Not sure if this is the same Wikipedia article that was already discussed 
before
http://en.wikipedia.org/wiki/Generic_programming

Thus the only thing I conced C++ and D templates have over the other 
languages is
the metaprogramming abilities. But there are other languages which 
compensate for
that by offering other languages features to handle similar funcionality.

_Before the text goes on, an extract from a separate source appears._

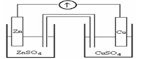 Рисунок 4.1 – Схема гальванического элемента Дениеля-Якоби Цинковый и медный полуэлементы соединены электролитическим мостиком. В гальваническом элементе различают внешнюю цепь – проводник 1-го рода (металл) и внешнюю цепь – проводник 2-го рода (раствор электролита). Во внешнюю цепь включен гальванометр. Цинковый электрод окисляется легче, чем медный, так как он имеет более отрицательный электродный потенциал. Таким образом цинковый электрод является анодом, а медный – катодом. После перехода электронов с цинкового электрода на медный, электродные потенциалы на обоих электродах нарушаются и для восстановления их значений происходит частичное окисление Zn и восстановление Cu+2. Накапливающиеся в анодном участке катионы цинка, а в катодном нескомпенсированные сульфат ионы создают во внутренней цепи ЭДС противоположную ЭДС внешней цепи. При равенстве этих ЭДС гальванический элемент прекратит работу. Для продолжения дальнейшей работы гальванического элемента оба полуэлемента соединяют электролитическим мостиком, который обеспечивает электропроводность внутренней цепи. В этом случае электрическая цепь будет замкнута и гальванический элемент будет работать до полного растворения цинкового электрода или восстановления ионов меди. На примере данного элемента покажем схематическую форму записи гальванического элемента и напишем реакции на аноде, катоде и во внутренней цепи. Схема гальванического элемента: (А) Zn| ZnSО4 || Cu| CuSО4 (К). Реакции на аноде и катоде: А) Zn – 2е = Zn2+, К) Cu2+ + 2е = Cu. Реакция, обеспечивающая проводимость во внутренней цепи: Zn2+ + SО42– = ZnSО4. Суммарная реакция, протекающая в ходе работы гальванического элемента, имеет вид: Zn + CuSО4 = Cu + ZnSО4. Электродвижущая сила гальванического элемента (ЭДС) равна разности электродных потенциалов двух полуэлементов. E = φ0(Cu2+/Cu)- φ0(Zn2+/Zn) = +0,34 - (-0,76) = 1,1 В. В общем виде – это разность потенциалов катодного и анодного процессов:

An example, is what is possible to do with Lisp. And lets not forget that 
optimizing
Lisp compilers can beat Fortran code, which still has very good optimizing 
compilers.

--
Paulo

"Jonathan M Davis" <jmdavisProg at gmx.com> wrote in message 
news:mailman.763.1287705091.858.digitalmars-d at puremagic.com...
> On Thursday, October 21, 2010 12:45:32 Paulo Pinto wrote:
>> Sorry but I still don't get it.
>>
>> Do you mean that the types that erased and the same code is generated?
>>
>> Then let me say that .Net generics get generated on the fly and JITed for
>> each
>> different type.
>>
>> Eiffel and Modula-3 generics also have specific generated code for each
>> type.
>>
>> The major difference regarding C++ code is that the linkers are smarter 
>> and
>> are
>> able to remove duplicates of the generated code for the same set of type
>> arguments.
>
> Whether code gets consolidated really doesn't have anything to do with 
> templates
> - that's purely an optimization, and where exactly you draw the line 
> betwene
> generics and templates could be bit blurry, but they are two very 
> different
> things.
>
> Generics allow for generic code - primarily container types. You're able 
> to use
> multiple types with the same code. Whether duplicate code is generated or 
> not is
> an implementation issue, but most languages that talk about having 
> generics
> don't seem to create full-on new sets of code for each type that you use - 
> or if
> they do, it's completely hidden from the programmer. Java's generics are
> completely a compile-time artifact with the exact same code being 
> generated - it
> just gains you extra type-safety and saves you from explicit casts. I 
> don't know
> exactly how C# does it, but as I understand it, it uses a single 
> definition
> regardless of how many types you use with it but keeps the type 
> information with
> any variables declared of that type (it may JIT specific types on the fly 
> as you
> state - I have no idea). But regardless, they don't actually generate code 
> in
> your executable.
>
> Templates are literally templates for creating code. When you instantiate 
> a
> template, it duplicates the entire definition for the type that it's being
> instantiated for. vector<int> and vector<float> generate two completely 
> separate
> sets of source code. This is not hidden from the programmer. Templates can
> generate different code depending on what they're instantiated with 
> (typically
> template specializations in C++, though D goes beyond that with 
> conditional
> compilation with static if and whatnot). So, even if you're limiting 
> templates
> to container types, you can end up with very different code for 
> instantiations of
> that template (a classic example in C++ being vector<bool>). Template
> metaprogramming goes beyond that to do much crazier stuff with templates, 
> but
> even with out template metaprogramming, you still end up with whole new 
> sets of
> code for each template instantiation. The compiler may choose to optimize 
> some
> of that code and merge definitions where types are the same size, but 
> that's an
> optimization. Templates are literally a code-generation mechanism. They
> therefore can be used for generic code or even could be considered 
> generics, but
> generics do not necessarily generate code.
>
> Now, as I said, C++ and D are the only languages I know of which use 
> templates.
> That doesn't mean that other languages do not. Looking at the wikipedia 
> page on
> template metaprogramming, it lists other languages such as Eiffel and ML, 
> so
> presumably those languages have templates of some kind.
>
> In any case, the key thing about templates is that they are a 
> code-generation
> mechanism. Generics are not (though templates can be used as generics).